Lama kalamaan karena kontak yang tetap sampai berabad abad dengn susunan masyarakat suku Hamid di Mesir,  suku Semit dari Jazirah Arab mendapat nafas baru dalam pola berpikir  dan berbudaya dari Agama Islam, golongan baru penduduk Mesir dari suku Semit ini  menikmati beli hasil bumi setelah panen dan menjualnya kembali sesudah musim paceklik,  tapi mereka hanya menuruti kemauan pasar.  Apa boleh buat ini garis pemisah antara petani, dengan  penguasa tanah dan pedagang memang sejak  sebelum mereka bebas bekeliaran di Mesir memang demikian. Disamping pergantian generasi alami setiap keluarga petani akan mewariskan tanah kepada anak anaknya semakin lama semakin sempit, sedangkan keluarga pedagang tidak ada gejala ini selain pengumpulan kekayaan dari generasi ke generasi. Maskipun suku Semit dari oasis padang pasir berbondong bondong datang kelembah sungai Nil ini, dengan semangat baru yang ajarannya tanpa cacat yaitu Islam, semangat dari memulai perkerjaan apa saja adalah bismillahirakhmannirrakhim – hanya dengan nama Allah yang Maha Pemurah dan Maha Pengasih, maka selama Khalifah Islam yang sahabat Nabi, Khalifaur Rasyiddin,  credo ini dipertahankan dengan baik, sehingga suku petani yang mendiamai lembah sungai Nil pindah dari kepercayaannya sendiri jadi penganut ajaran Islam yang bersemangat. Kebijakan Nabi dan Khalifataur Rasyiddin  sudah jauh dari keterbatasan kebijakan diskriminasi suku ras dan Agama, sebab beliau adalah Rasulullah dia
 Utusan Allah dengan wahyuNya dari Agama yang terakhir, yang semboyannya  adalah bismillahirakhmanirakhim. Jadi mungkin pada awalnya penjualan gandum pada musim tanam ya wajar wajar saja. Tapi memang permulaan musim tanam persediaan pangan dari musim yang lalu sudah tahun demi tahun semakin tipis,  jadi otomatis harga akan naik. Maka azas bismillahirkhmanirakhin membedakan pedagang setempat yang menambah “keuntungan” dari kelangkaan ini,  dengan pedagang  Islam yang berdagang dengan azas yang lebih baik, tentu saja dimenangkan oleh padagang pendatang dengan azas yang lebih baik.  Malah beberapa generasi sesudah Khlifaur Rasyidin, Islam, masih perlu tentara yang besar untuk menaklukkan wilayah sampai ke Mgribi ( Spanyol) Tenara penakluk terbanyak dari suku Arab (Semiet) dilarang untuk menetap bertani dengan  membagi tanah rakyat, maupuin tana negara yang sangat laus ( dikuasai administrasi Fir'aun) tanah milik taklukan diantara mereka, selama berabad abad.
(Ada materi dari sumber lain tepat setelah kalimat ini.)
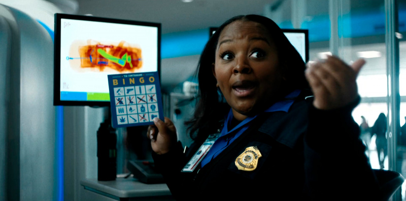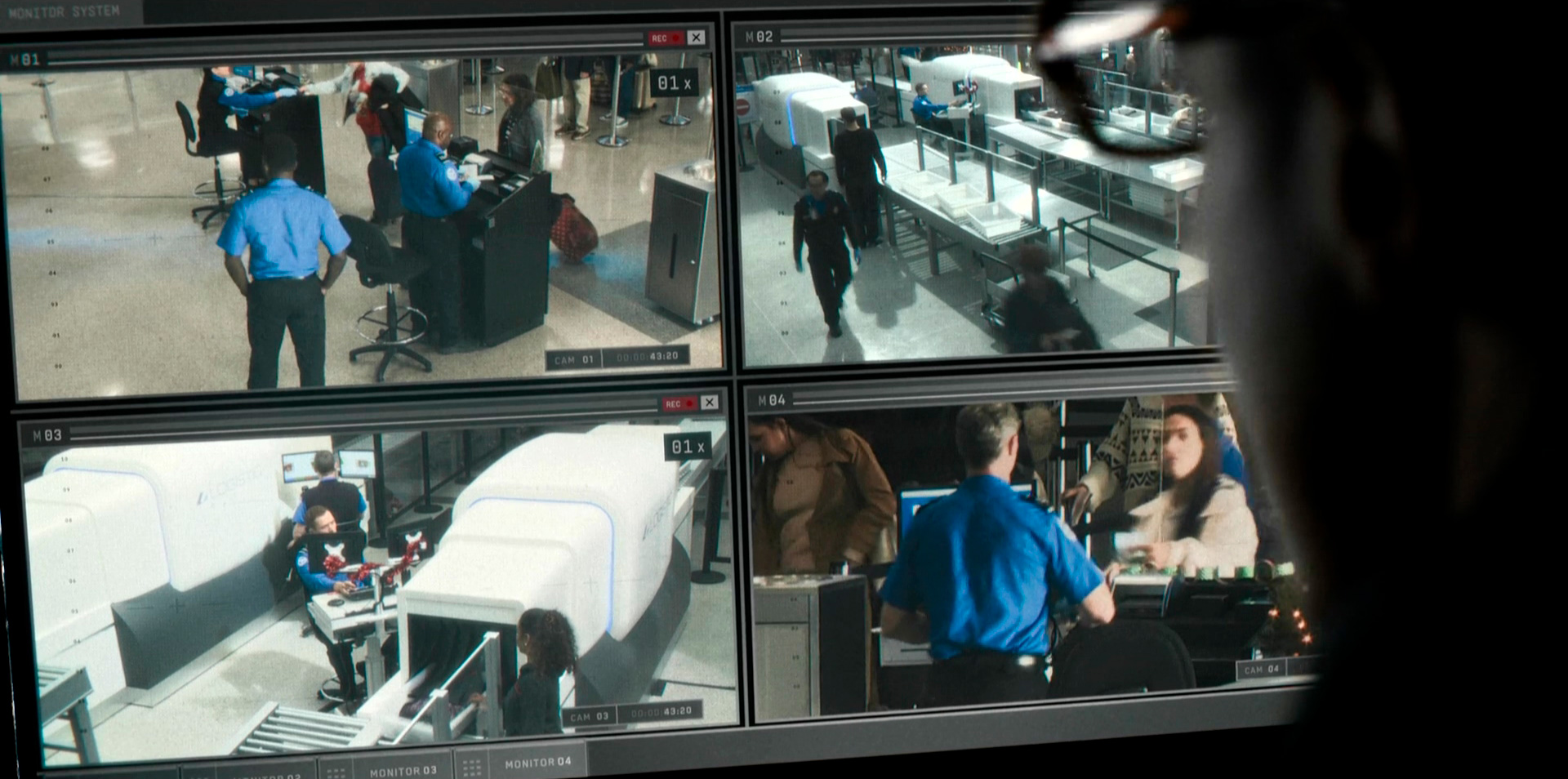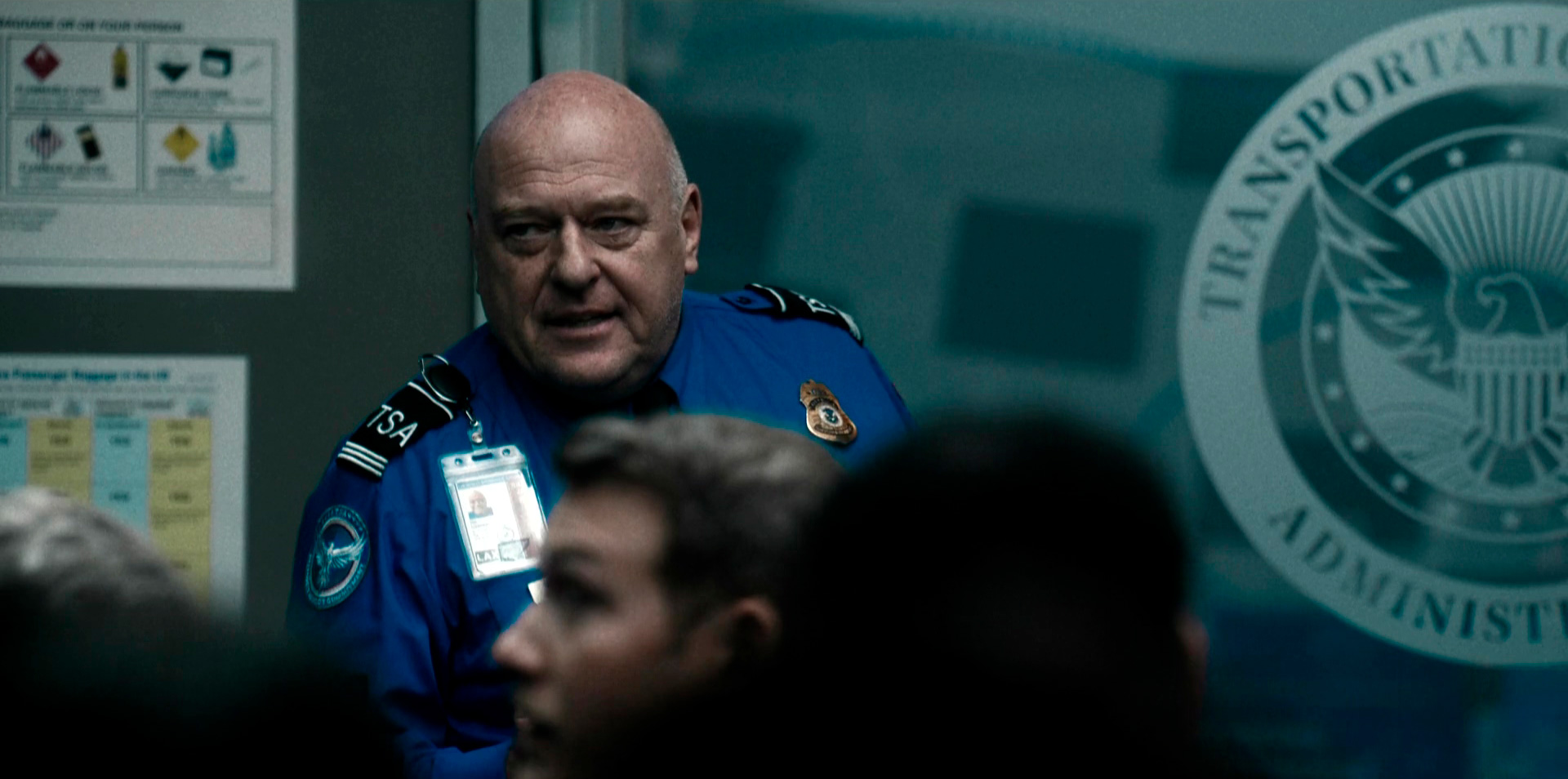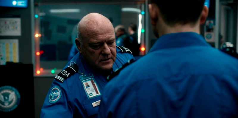 Они уже все разведали и собирались было похитить семью Джейсона, который обычно сидел на интроскопе, чтобы его шантажировать - Джейсона, конечно, шантажировать, а не интроскоп. Но Джейсон сменился с Итаном, поэтому террористам придется резко менять план и нарыть что-нибудь на Итана, у которого беременная Нора стоит на стойке регистрации в аккурат напротив огромного окна здания аэропорта, доступная всем террористическим снайперам.

Hingga abad ke 19 didaerah Sultan Muhammad Ali, malah menghadiahi para syaikh syaikh  kaum penggembala Beduin dengan tanah yang luas, dengan syarat harus  tinggal menetap didesa desa - mulai saat itu jelas - ada alasan untuk kaum Islam jadi Tuan tanah -dari Google kata Kunci Egypt; Rural Society - tertera dari Librarary of Congers US
Kita disini tidak membicarakan kaum beduin yang mengembara sampai di Nudantara sesudah terusan Syez dibuka. Mereka tanpa bimbingan apapun meskipn masih Islam, jadi apa yang jadi kebiasaan perdagangan oleh orang China ya mereka ikuti. misalnya mindring dan jadi tuan tanah. baru sesudah mereka kaya pada generasi ke 5 samai ke 7 baru mereka kembali belajar Islam dan jadi pengikut Wahabi, yang kurang mengerti process bagaimana Nusantara terutama pulau Jawa menjadi Islam.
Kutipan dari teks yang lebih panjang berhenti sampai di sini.